__Provided data__:
- - -

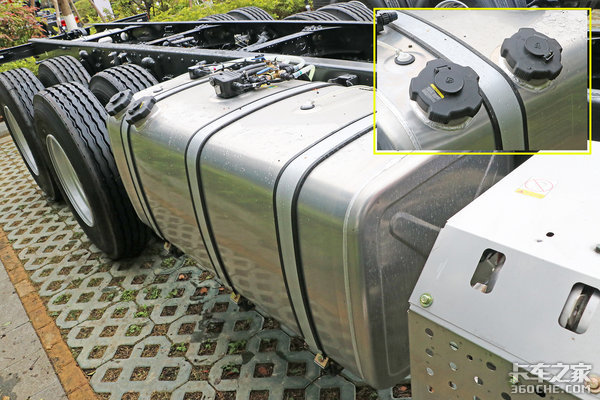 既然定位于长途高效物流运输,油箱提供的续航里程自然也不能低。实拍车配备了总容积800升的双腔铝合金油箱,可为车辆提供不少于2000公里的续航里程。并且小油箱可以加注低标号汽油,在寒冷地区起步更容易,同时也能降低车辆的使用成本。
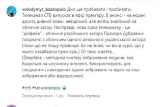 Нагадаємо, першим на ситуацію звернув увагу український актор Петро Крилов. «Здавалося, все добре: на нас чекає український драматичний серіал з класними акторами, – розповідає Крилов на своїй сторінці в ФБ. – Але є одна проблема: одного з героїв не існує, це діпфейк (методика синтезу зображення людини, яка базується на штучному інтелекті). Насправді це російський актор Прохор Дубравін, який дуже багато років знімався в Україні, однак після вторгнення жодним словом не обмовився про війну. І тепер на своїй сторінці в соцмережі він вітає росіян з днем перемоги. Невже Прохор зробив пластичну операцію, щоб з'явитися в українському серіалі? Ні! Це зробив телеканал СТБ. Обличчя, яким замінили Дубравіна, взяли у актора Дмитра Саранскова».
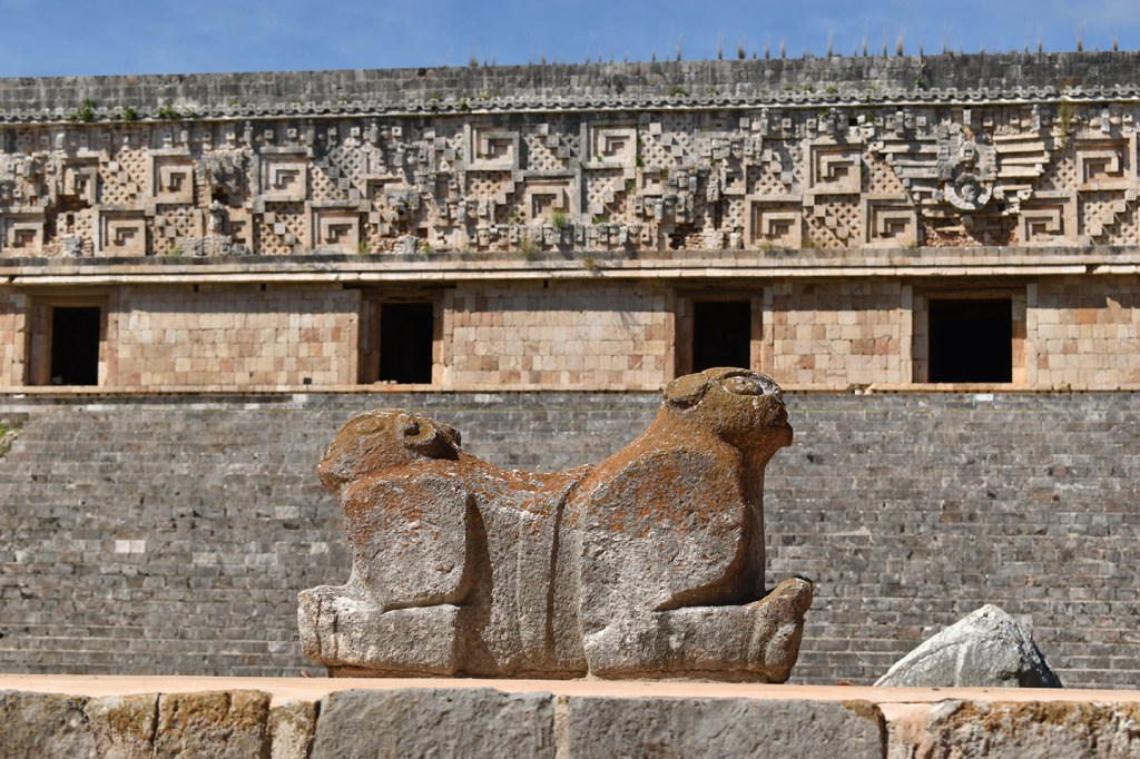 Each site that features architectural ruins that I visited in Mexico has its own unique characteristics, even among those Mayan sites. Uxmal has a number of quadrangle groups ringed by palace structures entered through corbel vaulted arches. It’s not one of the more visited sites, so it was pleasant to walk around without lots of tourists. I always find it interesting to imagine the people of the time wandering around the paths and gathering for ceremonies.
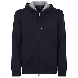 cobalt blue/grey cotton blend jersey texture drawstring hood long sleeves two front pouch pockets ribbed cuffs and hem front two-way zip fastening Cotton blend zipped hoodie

- - -

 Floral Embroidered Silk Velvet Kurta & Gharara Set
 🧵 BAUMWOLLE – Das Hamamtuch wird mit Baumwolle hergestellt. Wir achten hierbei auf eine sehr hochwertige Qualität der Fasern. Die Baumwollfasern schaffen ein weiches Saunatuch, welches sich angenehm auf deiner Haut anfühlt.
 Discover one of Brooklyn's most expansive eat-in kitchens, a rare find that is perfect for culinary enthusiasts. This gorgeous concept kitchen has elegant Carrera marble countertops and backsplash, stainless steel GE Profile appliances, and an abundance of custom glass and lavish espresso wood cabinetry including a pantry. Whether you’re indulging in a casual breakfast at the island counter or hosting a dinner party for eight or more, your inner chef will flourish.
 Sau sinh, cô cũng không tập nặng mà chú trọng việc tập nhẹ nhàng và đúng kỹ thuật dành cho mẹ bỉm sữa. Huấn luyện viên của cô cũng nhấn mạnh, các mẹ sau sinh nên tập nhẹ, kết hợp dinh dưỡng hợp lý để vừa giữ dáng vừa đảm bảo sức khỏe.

- - -

Reproduce the lines above beginning at the line that contains "Нагадаємо, першим на" and ending at the line that contains "cobalt blue/grey cotton". No pictures.

__Solution to this problem__:
 Нагадаємо, першим на ситуацію звернув увагу український актор Петро Крилов. «Здавалося, все добре: на нас чекає український драматичний серіал з класними акторами, – розповідає Крилов на своїй сторінці в ФБ. – Але є одна проблема: одного з героїв не існує, це діпфейк (методика синтезу зображення людини, яка базується на штучному інтелекті). Насправді це російський актор Прохор Дубравін, який дуже багато років знімався в Україні, однак після вторгнення жодним словом не обмовився про війну. І тепер на своїй сторінці в соцмережі він вітає росіян з днем перемоги. Невже Прохор зробив пластичну операцію, щоб з'явитися в українському серіалі? Ні! Це зробив телеканал СТБ. Обличчя, яким замінили Дубравіна, взяли у актора Дмитра Саранскова».
 Each site that features architectural ruins that I visited in Mexico has its own unique characteristics, even among those Mayan sites. Uxmal has a number of quadrangle groups ringed by palace structures entered through corbel vaulted arches. It’s not one of the more visited sites, so it was pleasant to walk around without lots of tourists. I always find it interesting to imagine the people of the time wandering around the paths and gathering for ceremonies.
 cobalt blue/grey cotton blend jersey texture drawstring hood long sleeves two front pouch pockets ribbed cuffs and hem front two-way zip fastening Cotton blend zipped hoodie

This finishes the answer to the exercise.